Portanto, ao contrário do que defende o recorrente, a Mm.ª Juiz a quo nunca perdeu de vista o caso concreto: não se trata de um despacho tabelar, mas uma decisão sustentada, clara e reflectida, específica para o arguido e feita apenas tendo em conta as circunstâncias deste, à luz da lei aplicável.
Pode o arguido, naturalmente, discordar do conteúdo do despacho, mas só uma análise enviesada deste é susceptível de explicar que impute à Mm.ª Juiz a quo sequer um laivo de pré-juízo, de qualquer posição de princípio contra (ou a favor) do ora recorrente, de arbitrariedade ou de pensamento contrário à lei.
Não há, assim, sombra de dúvida: o despacho recorrido tem toda a fundamentação que lhe era exigível, ficando assim prejudicado o conhecimento da irregularidade a tal propósito invocada pelo recorrente.
Improcede, nesta parte, o recurso.

2. Ausência do técnico da DGRSP e sua consequência
Entende o recorrente que houve violação do art. 495.º, n.º 2, porquanto o técnico de reinserção social não esteve presente em nenhuma das audições do arguido, e que isso configura uma irregularidade, nos termos do art. 123.º, n.º 2 (conclusões 16 e 17).
Prevê a primeira destas normas, que se enquadra num capítulo relativo à execução da pena suspensa e tem por epígrafe “Falta de cumprimento das condições de suspensão”, no excerto que reveste relevância para o caso: “O tribunal decide por despacho, depois de recolhida a prova, obtido parecer do Ministério Público e ouvido o condenado na presença do técnico que apoia e fiscaliza o cumprimento das condições da suspensão (…)”.
Esta audição deve ocorrer quando se verifica alguma das situações do n.º 1 do mesmo artigo: o tribunal toma conhecimento da falta de cumprimento, por parte do condenado, dos deveres, regras de conduta ou obrigações que lhe foram aplicadas como condições da suspensão da execução da pena.

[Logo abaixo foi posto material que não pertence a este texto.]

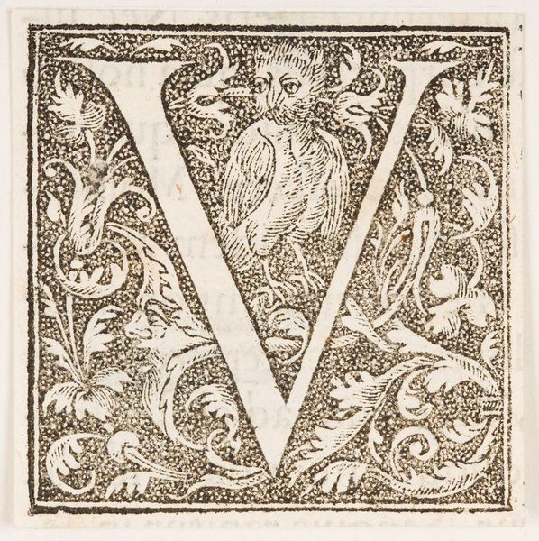 Curator: Here we have "Letter V," a fascinating example of anonymous printmaking housed here at the Harvard Art Museums. Editor: You know, the first thing that strikes me is its intricate, almost claustrophobic design... like a secret garden contained within this letter. Curator: Right, the vegetal motifs intertwining with the letterform invite a discussion about the relationship between text and nature, reflecting perhaps a broader societal engagement with botanical studies. Editor: It feels like a collision of worlds, the rigidity of language blooming into organic shapes. I wonder, was this meant to be part of a larger text, a kind of rebellion in illumination? Curator: It's very possible. In the context of early printmaking, the embellishment of initial letters often symbolized a yearning for pre-printing aesthetics, especially within religious and philosophical texts. Editor: Ultimately, for me, it is an evocative piece—a reminder that even the most functional components can hold beauty and rebellion. Curator: Indeed, seeing it through that lens allows us to rethink the legacy of printmaking and how even the smallest gesture can carry significant cultural weight.

Compulsados os autos a partir do primeiro relatório periódico enviado pela DGRSP, a 5 de Julho de 2024 (ref.ª ...27), constatou-se o seguinte:
- por despacho de 3 de Outubro desse ano, foi designado o dia 25 de Novembro para audição do arguido (ref.ª ...55);
- nesta data, o arguido, apesar de notificado, faltou, pelo que se determinou a emissão de mandados de detenção e condução daquele para a sua audição a 5 de Dezembro (ref.ª ...65);
- nesse dia, devolvidos os mandados sem cumprimento e ausente o arguido, logrou o Mm.º Juiz entabular contacto telefónico com este (ref.ª ...16);
- face ao teor do relatório periódico da DGRSP de 7 de Outubro de 2025 (ref.ª ...76), a Mm.ª Juiz a quo designou, para nova audição ao condenado, o dia 26 de Novembro de 2025 (ref.ª ...91);
- nessa diligência, o arguido compareceu e foi ouvido (ref.ª ...65).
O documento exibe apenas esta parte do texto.